**Instructions for the task:**
Repeat the data that follows exactly, starting at the line with "草屋根の一部はあえて芝生を剥" and ending at the line with "- Committed to", and leave out every picture.

**Available records:**
·····

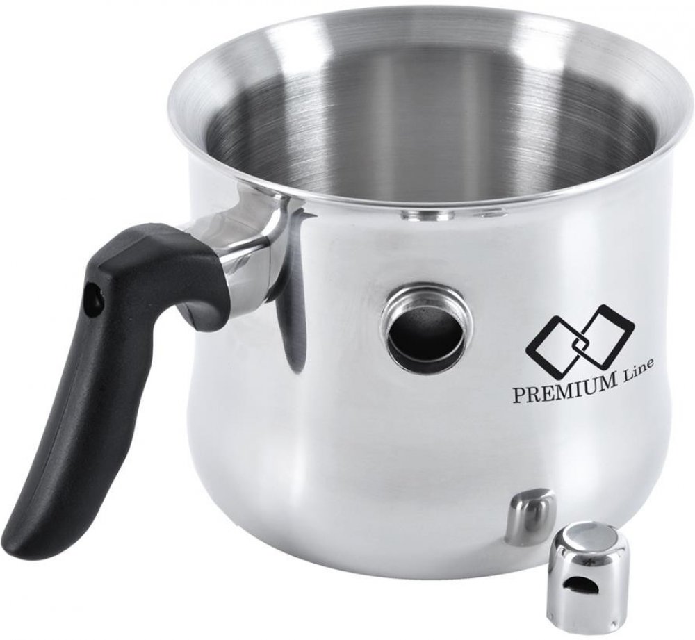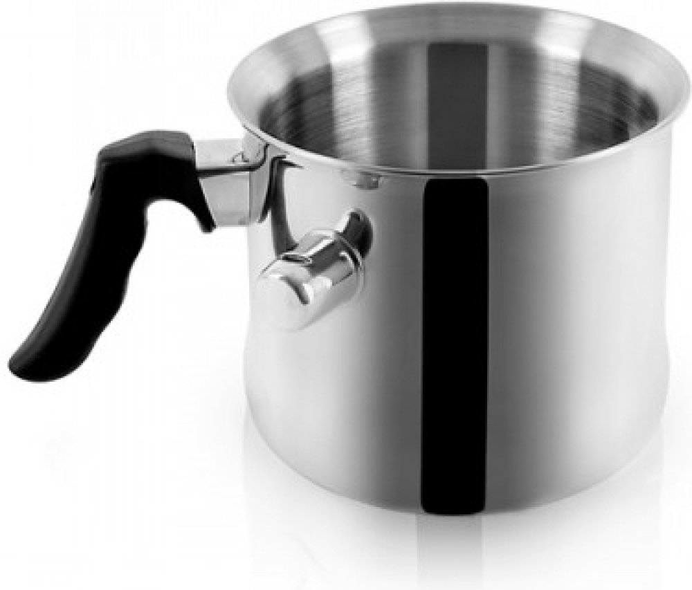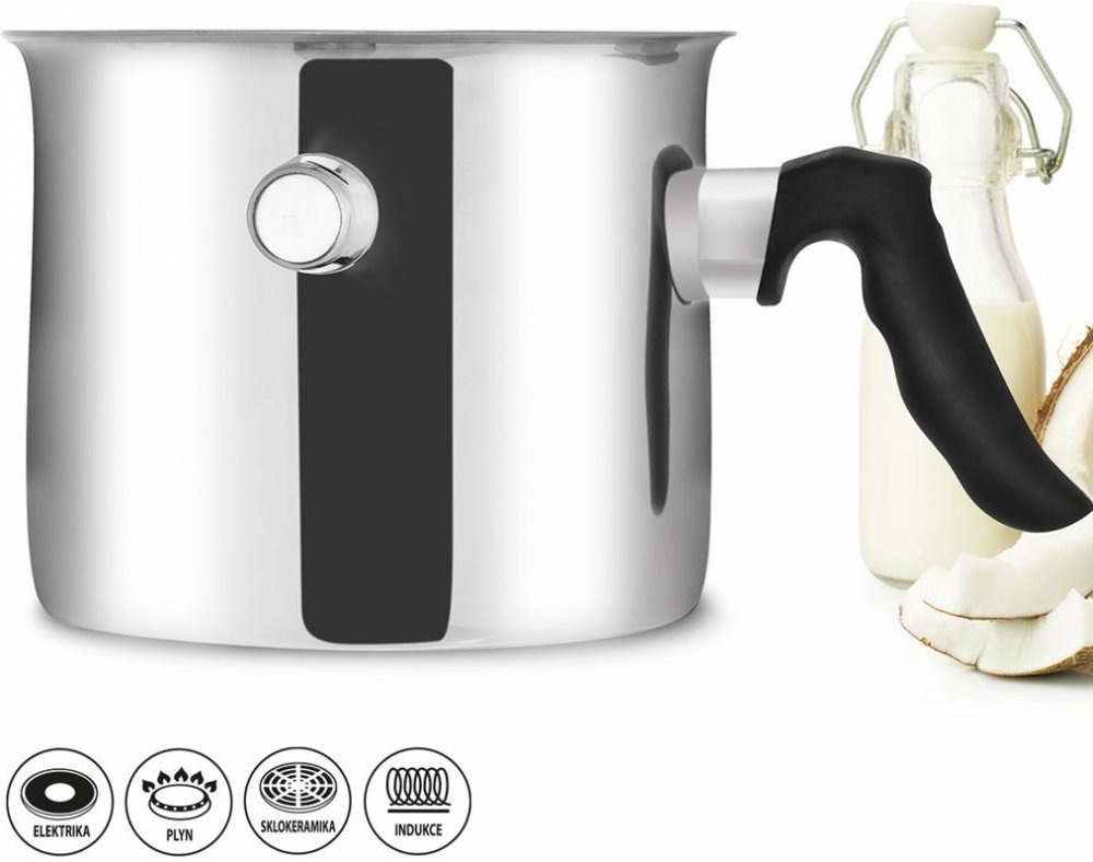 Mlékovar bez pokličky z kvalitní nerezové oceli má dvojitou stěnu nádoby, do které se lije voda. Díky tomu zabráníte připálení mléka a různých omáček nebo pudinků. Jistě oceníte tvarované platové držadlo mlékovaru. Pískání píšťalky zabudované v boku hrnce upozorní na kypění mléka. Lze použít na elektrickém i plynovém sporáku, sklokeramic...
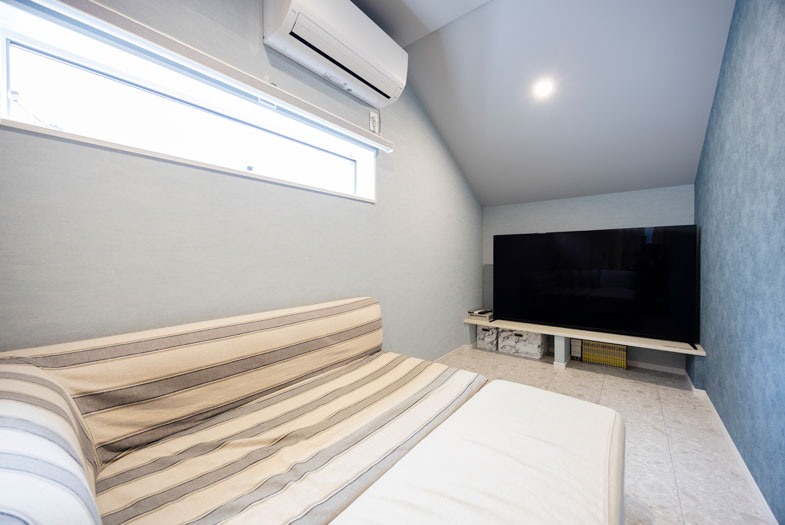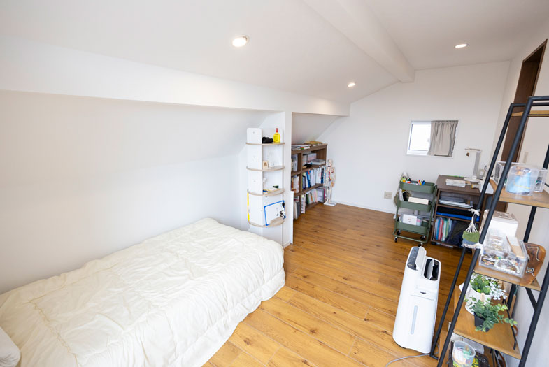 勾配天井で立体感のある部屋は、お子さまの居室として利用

·····

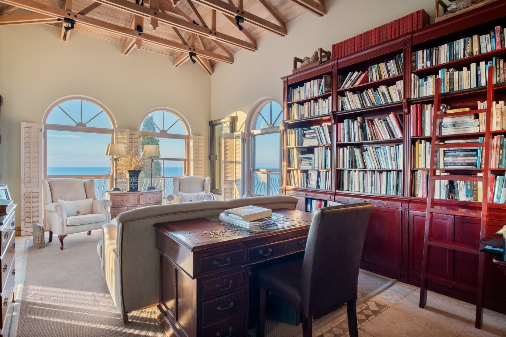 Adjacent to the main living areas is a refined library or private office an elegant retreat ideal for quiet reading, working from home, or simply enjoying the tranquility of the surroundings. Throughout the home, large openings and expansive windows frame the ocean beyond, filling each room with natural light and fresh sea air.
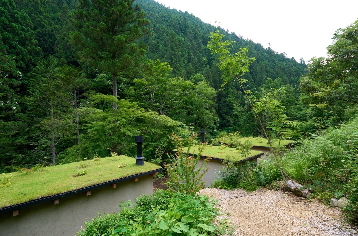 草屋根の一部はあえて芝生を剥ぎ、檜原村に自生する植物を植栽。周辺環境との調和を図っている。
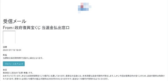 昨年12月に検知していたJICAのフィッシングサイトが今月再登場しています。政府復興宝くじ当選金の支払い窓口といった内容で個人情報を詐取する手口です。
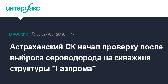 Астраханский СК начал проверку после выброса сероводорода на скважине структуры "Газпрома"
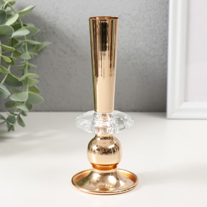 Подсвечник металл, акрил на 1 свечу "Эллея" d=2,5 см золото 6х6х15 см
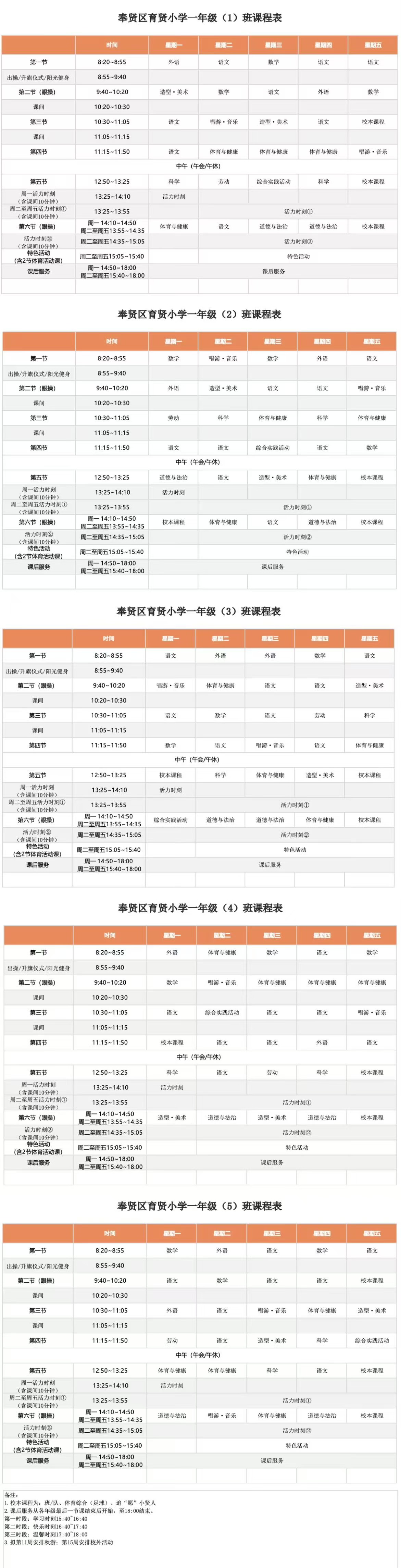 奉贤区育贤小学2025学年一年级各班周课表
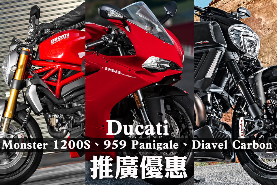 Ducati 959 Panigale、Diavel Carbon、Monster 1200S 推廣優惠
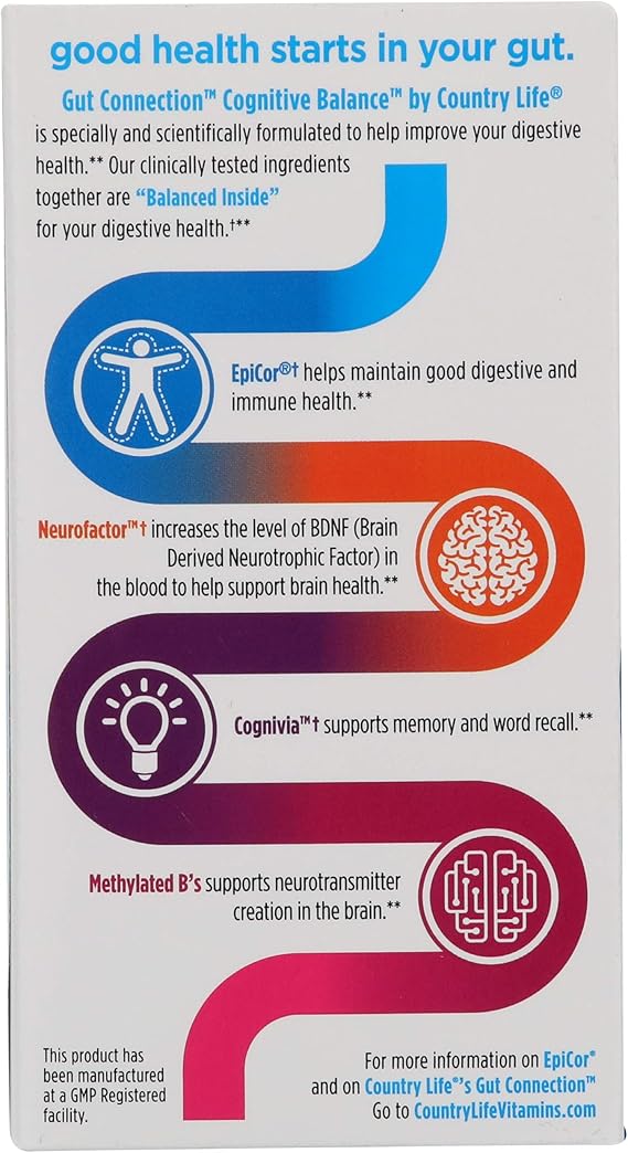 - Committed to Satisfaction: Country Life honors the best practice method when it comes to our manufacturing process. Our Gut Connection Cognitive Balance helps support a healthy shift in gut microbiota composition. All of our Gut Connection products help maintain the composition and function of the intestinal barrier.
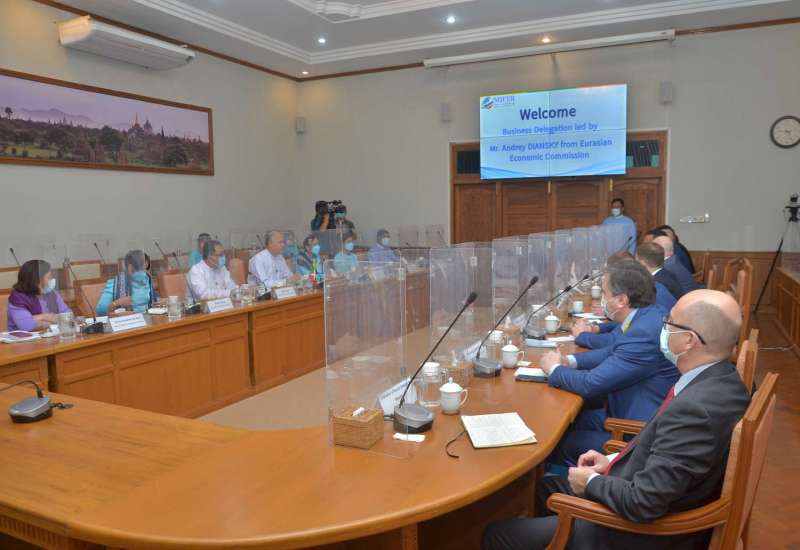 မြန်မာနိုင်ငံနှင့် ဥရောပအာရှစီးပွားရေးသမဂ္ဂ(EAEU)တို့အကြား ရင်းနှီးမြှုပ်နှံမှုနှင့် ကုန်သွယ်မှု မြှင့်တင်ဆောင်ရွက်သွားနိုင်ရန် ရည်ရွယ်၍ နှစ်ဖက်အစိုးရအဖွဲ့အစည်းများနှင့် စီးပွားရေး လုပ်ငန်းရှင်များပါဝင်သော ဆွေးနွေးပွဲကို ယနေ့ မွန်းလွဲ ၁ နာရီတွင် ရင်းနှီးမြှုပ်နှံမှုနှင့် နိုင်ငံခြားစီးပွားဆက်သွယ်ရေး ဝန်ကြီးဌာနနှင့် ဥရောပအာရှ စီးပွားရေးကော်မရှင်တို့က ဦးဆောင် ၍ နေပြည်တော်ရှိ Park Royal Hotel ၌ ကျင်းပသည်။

·····

**Exercise solution:**
 草屋根の一部はあえて芝生を剥ぎ、檜原村に自生する植物を植栽。周辺環境との調和を図っている。
 昨年12月に検知していたJICAのフィッシングサイトが今月再登場しています。政府復興宝くじ当選金の支払い窓口といった内容で個人情報を詐取する手口です。
 Астраханский СК начал проверку после выброса сероводорода на скважине структуры "Газпрома"
 Подсвечник металл, акрил на 1 свечу "Эллея" d=2,5 см золото 6х6х15 см
 奉贤区育贤小学2025学年一年级各班周课表
 Ducati 959 Panigale、Diavel Carbon、Monster 1200S 推廣優惠
 - Committed to Satisfaction: Country Life honors the best practice method when it comes to our manufacturing process. Our Gut Connection Cognitive Balance helps support a healthy shift in gut microbiota composition. All of our Gut Connection products help maintain the composition and function of the intestinal barrier.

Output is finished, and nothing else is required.